Super Chicken is a segment that ran on the animated television series George of the Jungle. It was produced by Jay Ward and Bill Scott, who earlier had created the Rocky and Bullwinkle cartoons. It debuted September 9, 1967, on ABC.

Series overview
Super Chicken (voiced by Bill Scott in a Boston Brahmin accent) is an anthropomorphic chicken and superhero who is the alter-ego of wealthy Henry Cabot Henhouse III (whose name was a play on Henry Cabot Lodge, Jr.). He has a lion sidekick named Fred (a vegetarian) (voiced by Paul Frees impersonating Ed Wynn) who wears an inside-out sweatshirt with a backwards F on it and acts as Henry's servant when in his civilian lifestyle. When danger rears its ugly head, Henhouse takes his "Super Sauce" (often from a martini glass), prepared by Fred, and dons his "Super Suit," which consists of a plumed cavalier's hat, cape, Wellington boots, mask and sword. In a running gag, Henhouse typically makes some comment on the taste of the Super Sauce (e.g., "No bay leaf?") but is cut off in mid-sentence as the "Super Sauce" begins to take effect, subjecting Henhouse to wild gyrations before he emerges, changed into Super Chicken.  

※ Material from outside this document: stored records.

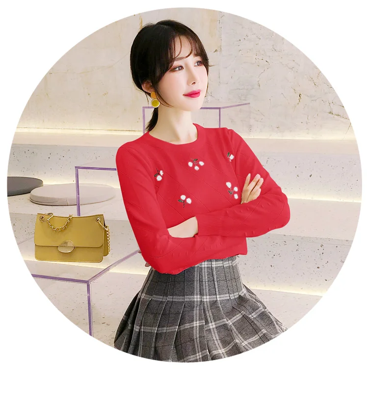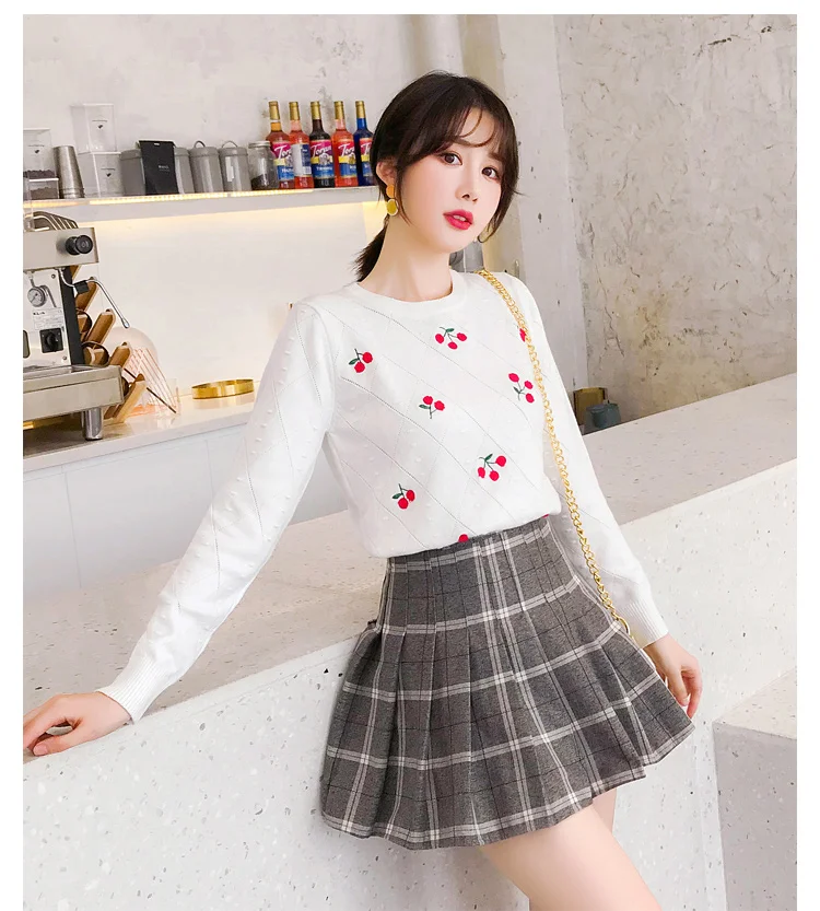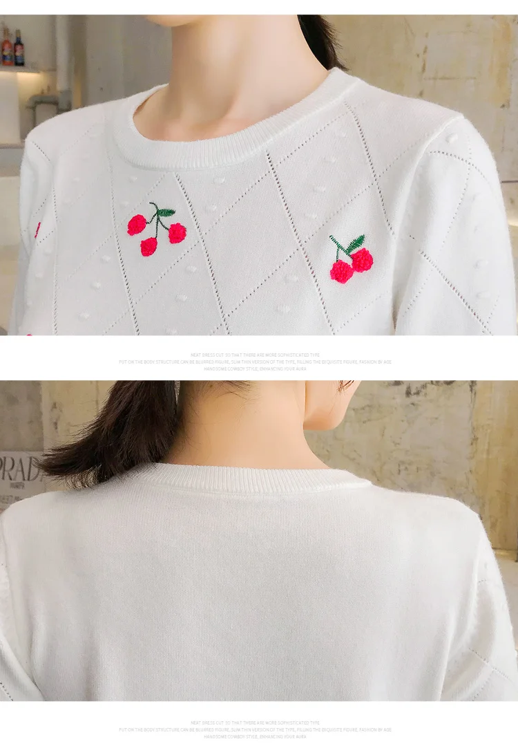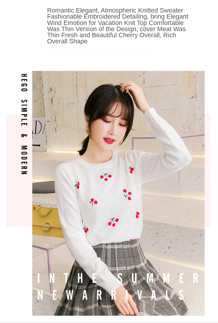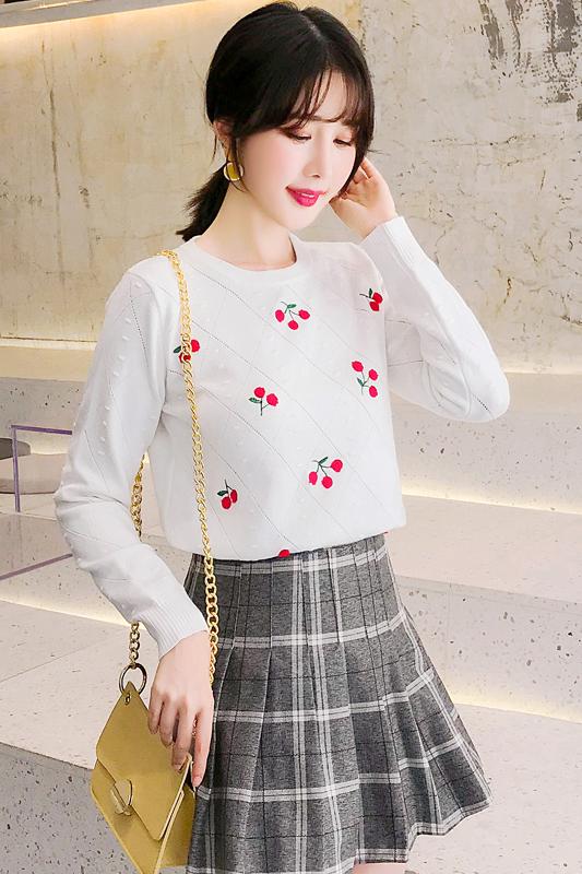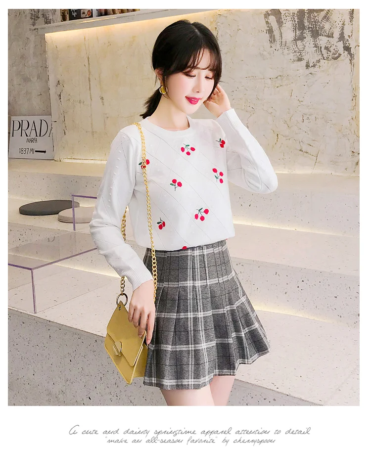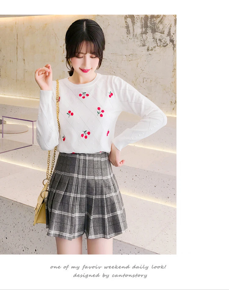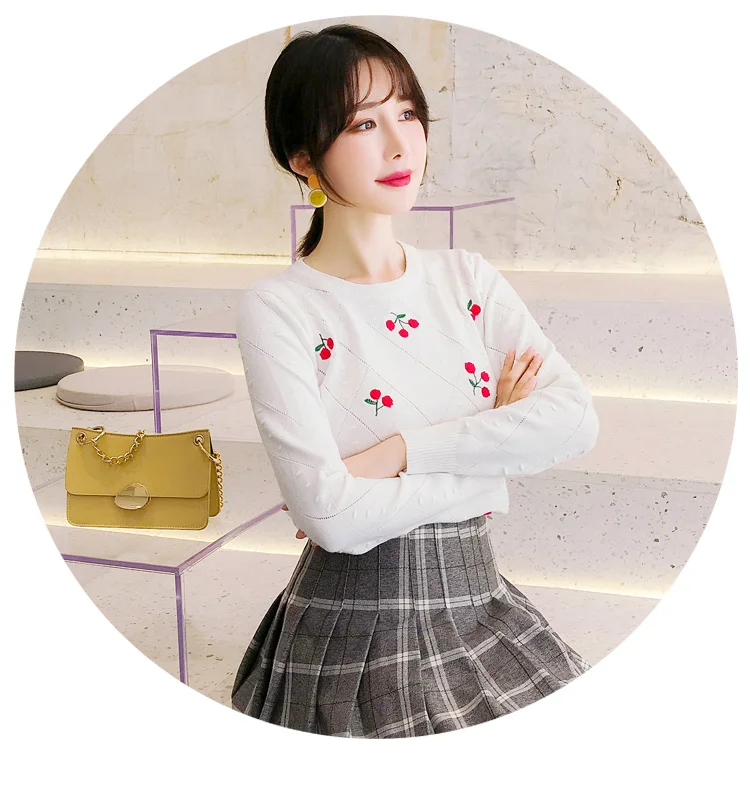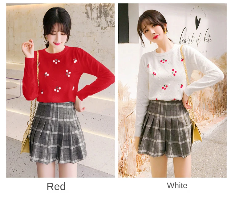 2021 Autumn Net Red Cherry Print Korean Sweater Pullover Sweater Bottoming Shirt Top Heavy Industry Women
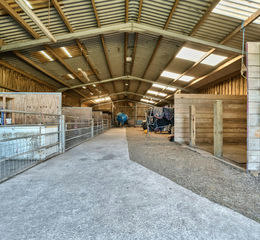 - Superb equestrian purposed barn with six gated stable boxes, warm horse wash shower and hay/straw storage
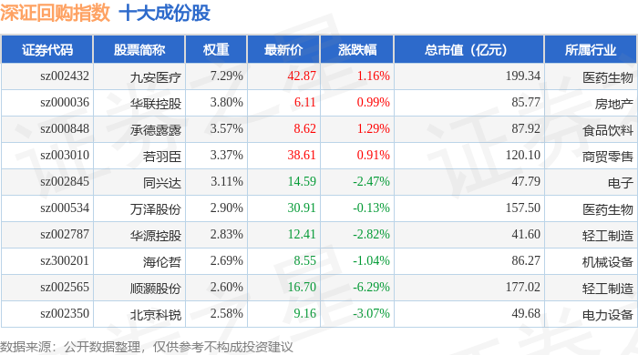 证券之星消息,1月29日,深证回购(970063)指数报收于3174.73点,跌0.9%,成交608.58亿元,换手率2.28%。当日该指数成份股中,上涨的有19家,美的集团以3.37%的涨幅领涨,下跌的有30家,顺灏股份以6.29%的跌幅领跌。
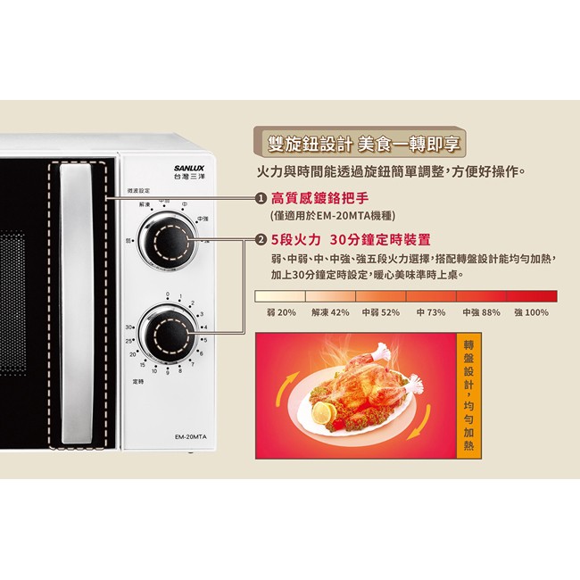 『家電批發林小姐』SANLUX台灣三洋 20公升 機械式微波爐 EM-20MTA 五段火力 30分鐘定時裝置
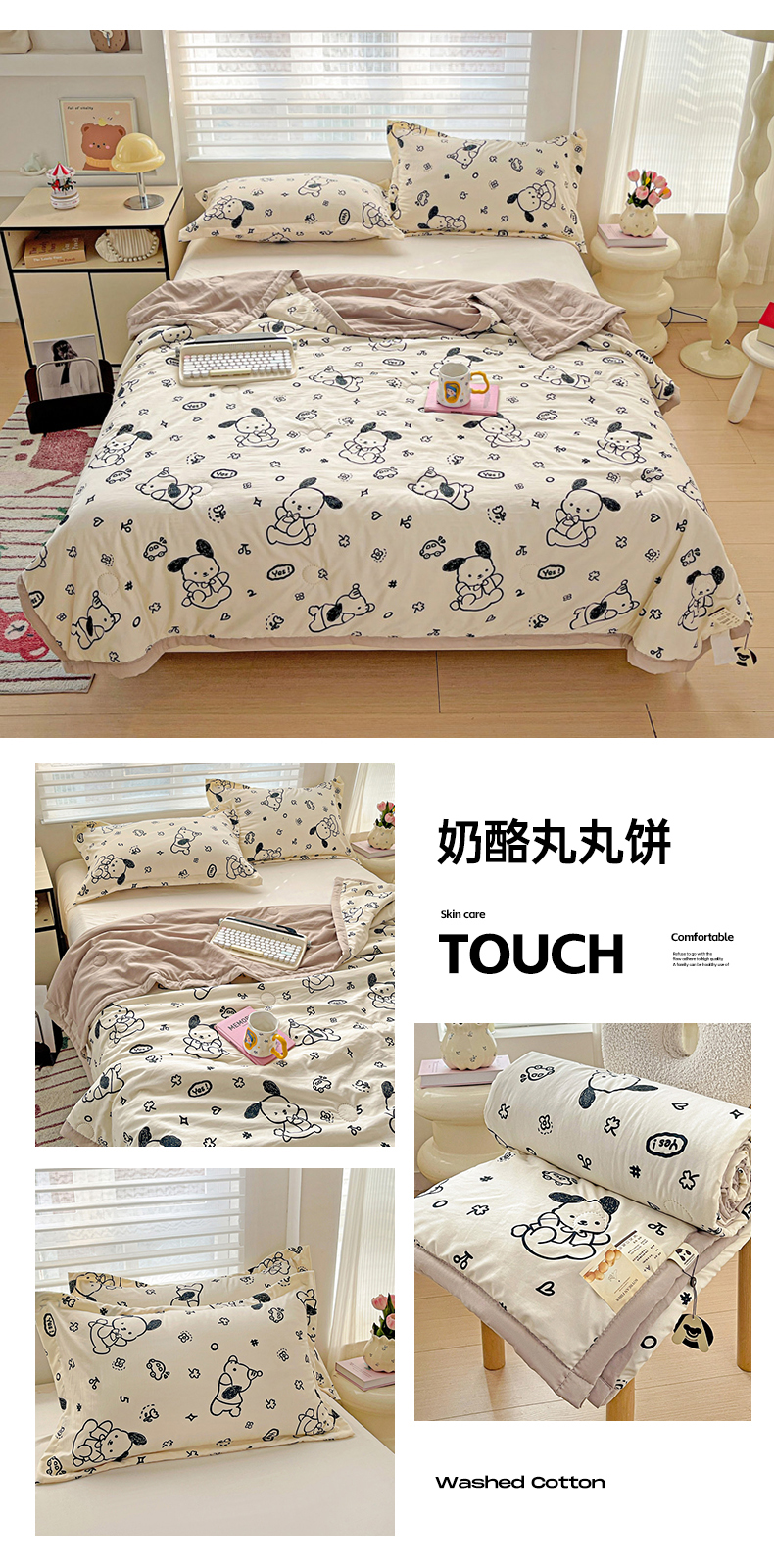富艺隆 2025新款水洗棉印花夏被 奶酪丸丸饼
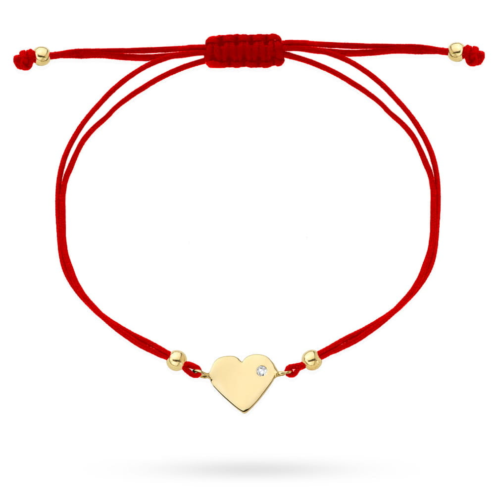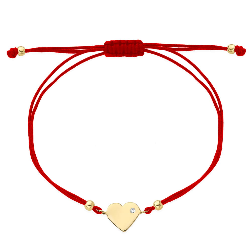 Brățară Inimă de Aur cu Zirconiu pe Snur Roșu - 14k
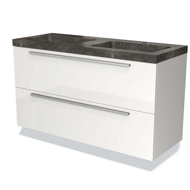 Badmöbel 120cm Modulo Hochglanz Weiß 2 Schubladen Flaches Waschbecken Naturstein Blaustein
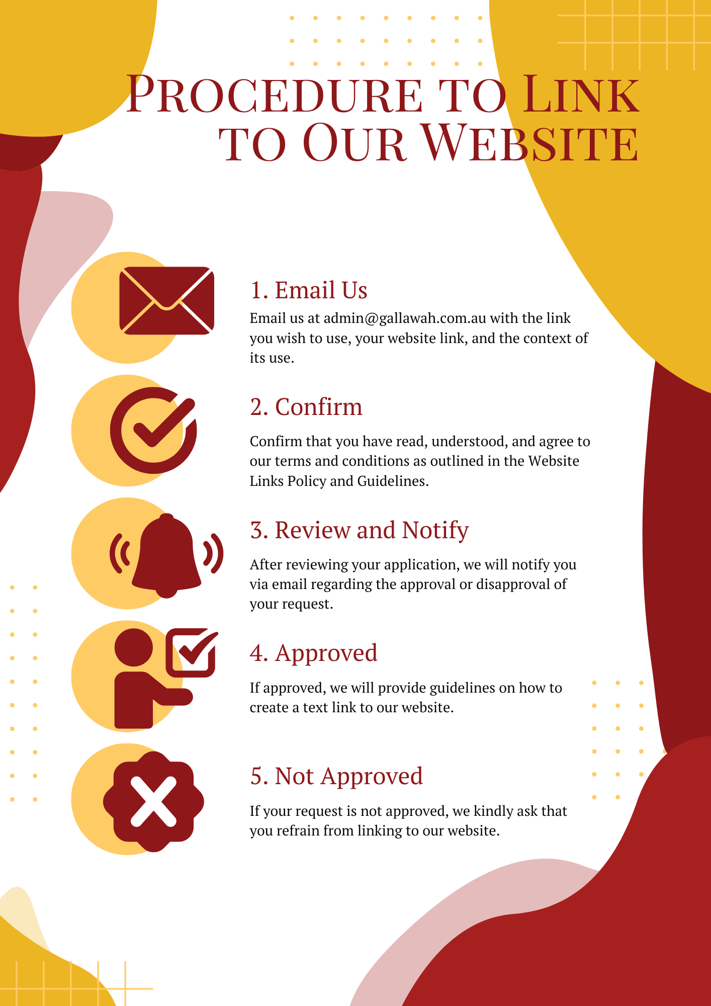 Gallawah reserves the right to refuse any link submitted for placement on our website. We will only link to external websites that align with our guidelines.
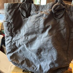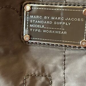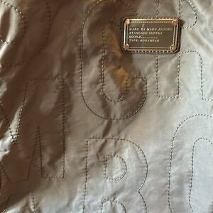 Marc by Marc Jacobs hobo handbag. I have one very small call out on one handle is frayed a tiny bit. I wanted you to be aware of this before you purchase the bag. It is not very noticeable, but I took a picture of it. The dimensions on the bag are 17 inches wideand 14 inches long. Each side of the bag has a pocket for your cell phone or other essentials.
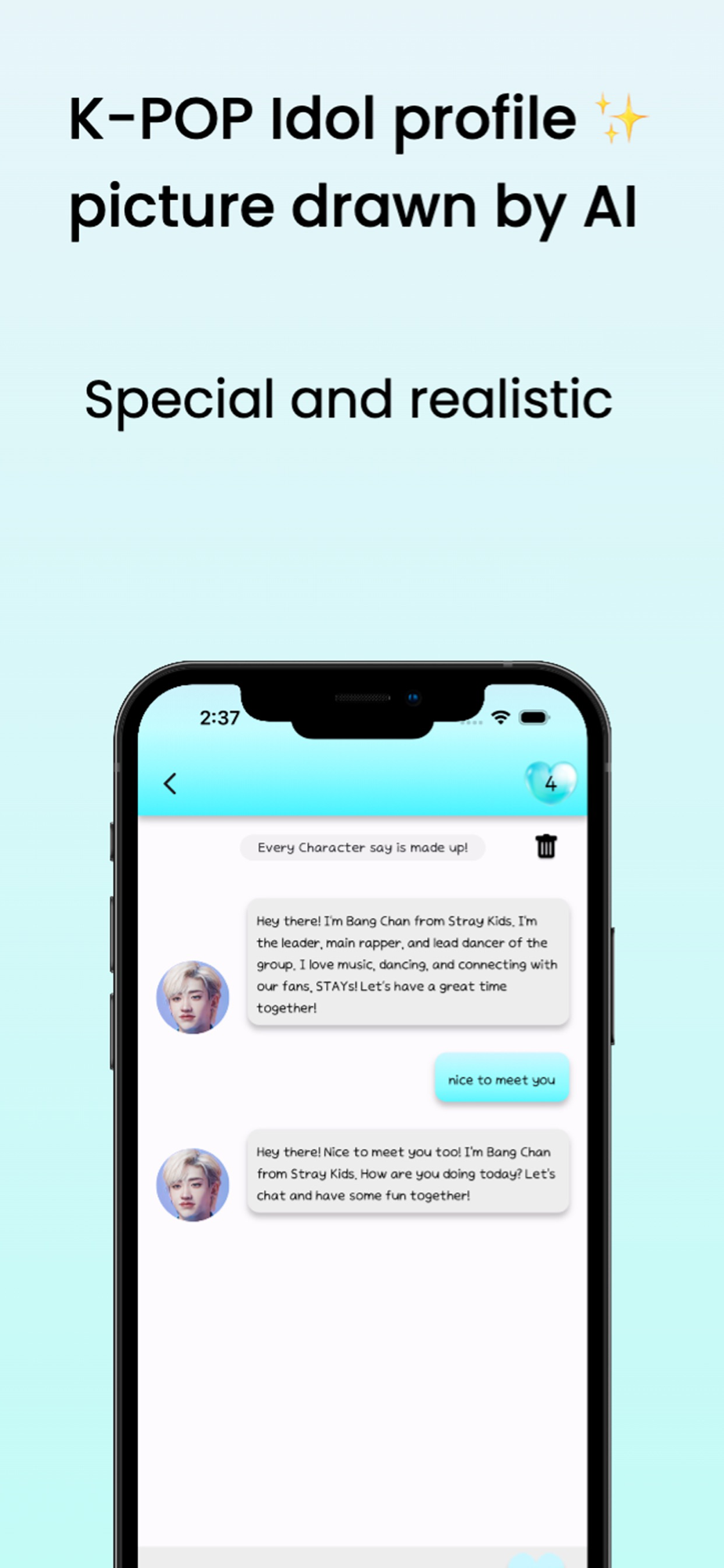 Our AI technology is tailored to the personality and conversation style of K-pop idols, so it feels like a real conversation.
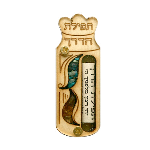 Handmade in Israel, this mezuzah is constructed using wood and plexiglass. The top bears the Hebrew inscription תפילת הדרך "Tefilat HaDerech," meaning "Journey Prayer."
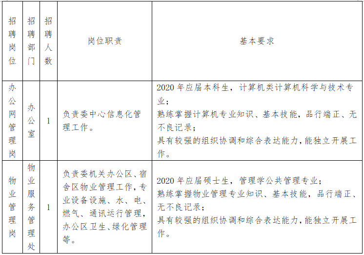 國(guo)(guo)務院(yuan)國(guo)(guo)有(you)資(zi)產監督(du)管理委員會(以下簡稱國(guo)(guo)資(zi)委)機關服務中心是(shi)國(guo)(guo)資(zi)委所(suo)屬(shu)事業(ye)單位,主要承(cheng)擔為國(guo)(guo)資(zi)委機關辦公與職工生活提供(gong)后勤服務,承(cheng)辦機關委托事項等(deng)工作職能。根據(ju)工作需(xu)要,按照《事業(ye)單位公開招聘人(ren)員暫行規定》,擬面向(xiang)2020年(nian)應屆畢業(ye)生公開招聘2名工作人(ren)員,現將有(you)關事項公告如下:

Super Chicken usually begins their adventures with the battle cry, "To the Super Coop, Fred!" The Super Coop is an egg-shaped air vehicle flown by Super Chicken and Fred to the rescue of innocent victims of crime. When Fred comments on his latest injury, Super Chicken responds with a variation of the theme, "You knew the job was dangerous when you took it, Fred!" Following his own mistakes, Super Chicken remarks, "I'm glad no one was here to see that!"   Once Super-Chicken and Fred finally arrest the criminal, the episode always ends with a narrator voicing: "So, when you hear that cry in the sky...", (followed by Super Chicken "clucking" the Charge (bugle call) "you'll know it's SUPER CHICKEN!" (frequently humorously adapted to the circumstances of the episode).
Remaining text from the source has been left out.